Danny O’Neil Seattle Times

RENTON, Wash. – Seattle’s problems on offense were clear and unmistakable.

Tight end John Carlson was the only Seahawk to score a touchdown in the final four games. Seattle went three-and-out on its first possession in six of its last seven games. The Seahawks finished with the fewest points of any season since Rick Mirer was the quarterback.

The explanations for the offensive difficulties aren’t nearly so straightforward given the locker-room culture of a football team, where finger pointing is generally verboten and most criticism requires a secret decoder ring.

But enough has been said these past few weeks that to read between the lines it is clear that there are questions about the level of trust some players have in the offense under coordinator Greg Knapp and a question of how diligent some players have been following instructions.

Start with the game plan. Do the players trust the offense and the plays being called?

“I would hope so,” coach Jim Mora said on Dec. 30. “It takes time to build that, and success certainly helps. We’ve struggled to have consistency for a number of reasons.

“That’s an honest question.”

And here’s an honest attempt to read between the lines of what has been said about the issues this offense has had.

What T.J. Houshmandzadeh said on Dec. 30: “I’m not going to say what I feel about that situation because I don’t think it’s right.”

What he meant: If you don’t have something nice to say about the plays that are being called, you shouldn’t say anything at all if you’re a player.

What Matt Hasselbeck said on radio Sunday after the Seahawks’ season-ending loss: “I wish I had answers. I mean I’ve got thoughts, but everyone has got thoughts, but for us to succeed, we’ve all got the same thoughts. And to me that comes from taking your orders, and doing what the play is called to do. I think that’s one of our issues. We’ve got to ask ourselves as players, ‘Did we buy in 100 percent? Did we buy in and trust?’ That’s a question we’ve got to answer. If you don’t, you’ve got no chance to be successful. You’ve got no chance.”

What he meant: We don’t have to wonder about this. Hasselbeck helped explain it during a subsequent radio appearance.

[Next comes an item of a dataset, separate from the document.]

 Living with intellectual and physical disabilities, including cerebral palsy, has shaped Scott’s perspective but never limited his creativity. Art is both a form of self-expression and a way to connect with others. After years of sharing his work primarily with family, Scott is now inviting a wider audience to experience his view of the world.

“It doesn’t matter what you did on another team,” Hasselbeck said. “It doesn’t matter what I did on another team. It doesn’t matter, even, what you think is right. All that matters is what we’re doing on this team and how we’re doing it this year on this play. That’s how we’ve got to treat every play, every game, every situation, every practice, every meeting. We’ve all got to be together.”

What Nate Burleson said on Dec. 29: “Obviously, we’re frustrated. There’s things that we honestly can’t control that could help us win.”

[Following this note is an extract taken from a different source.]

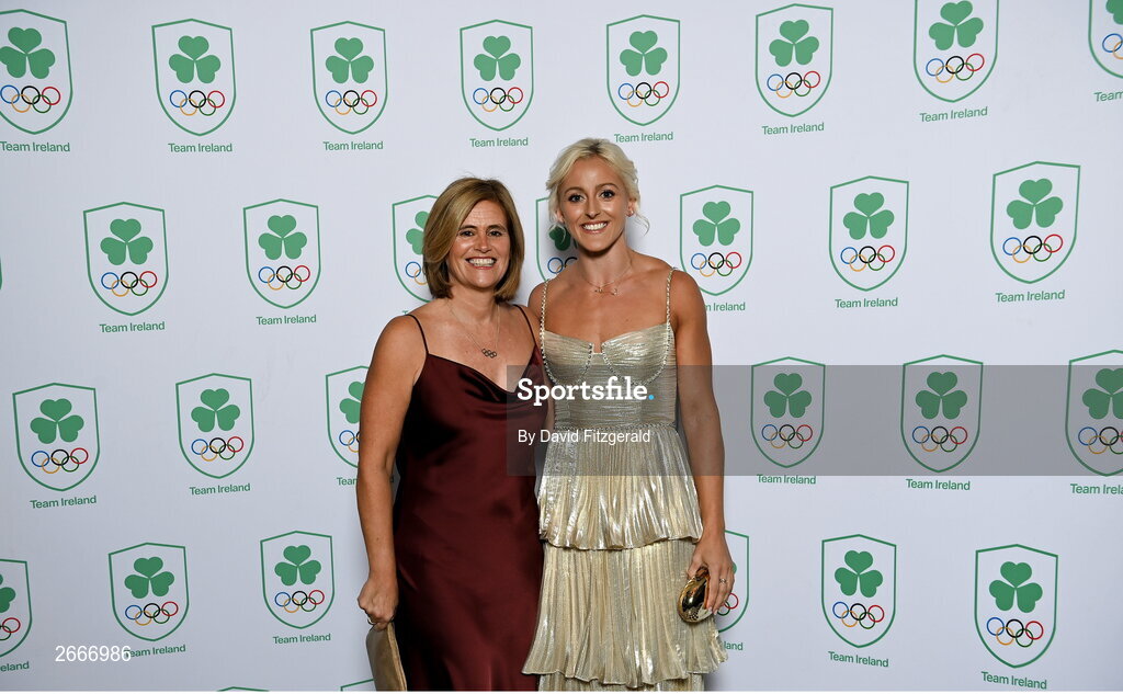 11 November 2023; Noelle Morrisey, left, and Olympian Sarah Lavin in attendance at the Team Ireland Olympic Ball at the Mansion House in Dublin. The event was a joint celebration of the brilliant performances of Team Ireland athletes at the European Games this summer, as well as the announcement of the winners of the Olympic Federation of Ireland Annual Awards. The event was attended by the Minister for Tourism, Culture, Arts, Gaeltacht, Sport and Media, Catherine Martin TD, Minister of State for Sport and Physical Education, Thomas Byrne TD, Olympic medallists, European Games athletes, Team Ireland Sponsors and Partners, Sport Ireland and the wider Olympic family. Photo by David Fitzgerald/Sportsfile

What he meant: Seattle’s struggles are more than just a question of the talent level. It’s specifically how that talent is arrayed.

The Seahawks face an offseason of change, which won’t be confined to the front-office addition of a new president. Something has to be done to bridge the gap between the offensive game plan and the players being trusted to run it after the offense was slow at first and then got worse.